Experience: At least ten (10+) years of experience in AI, data engineering, and cloud technologies.
Required Skills:
- Proven experience in Generative AI, data engineering, AWS AI, and AWS data services.
- Proficiency in programming languages such as Python, Java, or similar.
- Experience with data engineering concepts and tools.
- Experience in Terraform, Docker, Kubernetes, and/or Gitlab.
- Understanding of data governance and security principles.
- Hands-on experience with DevSecOps and CI/CD practices.
- Excellent problem-solving and analytical skills.
- Ability to work independently and as part of a team.
- Familiarity with government cloud deployment regulations/compliance policies such as FedRAMP, FISMA, etc.
- Experience with specific generative AI models like GPT, Llama, Claude, and others from HuggingFace.
- Knowledge of deep learning frameworks such as PyTorch and Transformers.
Preferred Certifications:
- Certifications in AWS AI or Machine Learning.
📝 Enhancement Note: The ideal candidate will have a strong background in both AI and cloud technologies, with a focus on AWS services. Relevant certifications and experience with specific generative AI models and deep learning frameworks are highly desirable.
📊 Web Portfolio & Project Requirements
Portfolio Essentials:
- AI & Analytics Projects: Showcase your experience in developing and deploying AI and analytics solutions using Generative AI techniques and AWS services.
- Data Engineering & Cloud Infrastructure: Demonstrate your ability to design, implement, and maintain scalable, secure cloud infrastructure, including data lakes, warehouses, and analytics platforms.

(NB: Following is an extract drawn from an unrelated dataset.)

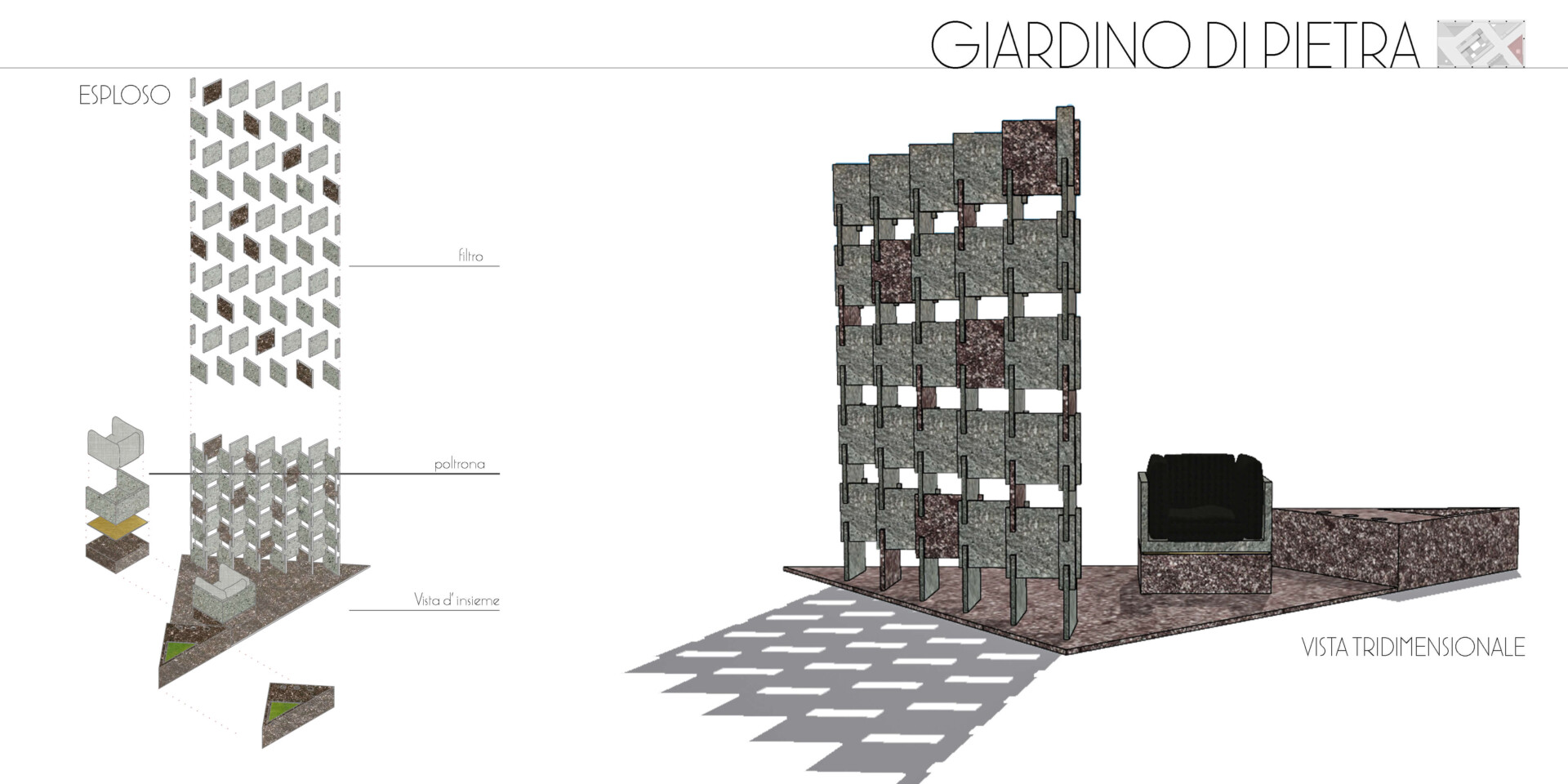 In basso a destra un gioco di incastri di elementi semplici genera la suddivisione di momenti diversi del luogo, rimandando ad un possibile filtro tra uno spazio interno ed esterno.
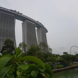 Völlig erschöpft fanden wir den Weg über die Formel 1 Rennstrecke zum bekannten Riesenrad und von dort aus war der Weg zu Singapurs Wahrzeichen, dem Marina Bay Sand, auch nicht mehr zu verfehlen. Überwältigt von all dem Luxus, aber besonders der ziemlich kalten Klimaanlage, die zwischen Lobby und Außenbereich vermutlich 15°C Unterschied schaffte, schleppten wir uns zur nächstbesten Parkbank im nicht weit entfernten Gardens by the Bay.

- DevSecOps & CI/CD: Highlight your experience in contributing to a DevSecOps culture and automating AI model development, testing, and deployment using CI/CD pipelines.

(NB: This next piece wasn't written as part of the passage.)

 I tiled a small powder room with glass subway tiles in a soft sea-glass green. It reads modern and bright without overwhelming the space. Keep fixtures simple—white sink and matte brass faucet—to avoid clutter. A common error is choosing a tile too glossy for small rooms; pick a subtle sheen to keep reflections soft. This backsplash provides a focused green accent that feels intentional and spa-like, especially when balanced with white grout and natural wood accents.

- Training & Collaboration: Provide examples of your ability to conduct training bootcamps and cross-training workshops for internal collaborators and customers.
Technical Documentation:
- AI & Analytics Framework Documentation: Document your approach to building and maintaining next-generation AI and analytics frameworks, including the core technologies used.
- AWS Services & Infrastructure Documentation: Detail your experience with AWS AI and data services, as well as your approach to designing and implementing cloud-based data and AI solutions.
- Data Governance & Security Documentation: Explain your understanding of data governance and security principles, and provide examples of how you have implemented these principles in your projects.
- DevSecOps & CI/CD Documentation: Document your experience with DevSecOps and CI/CD practices, and provide examples of how you have automated AI model development, testing, and deployment.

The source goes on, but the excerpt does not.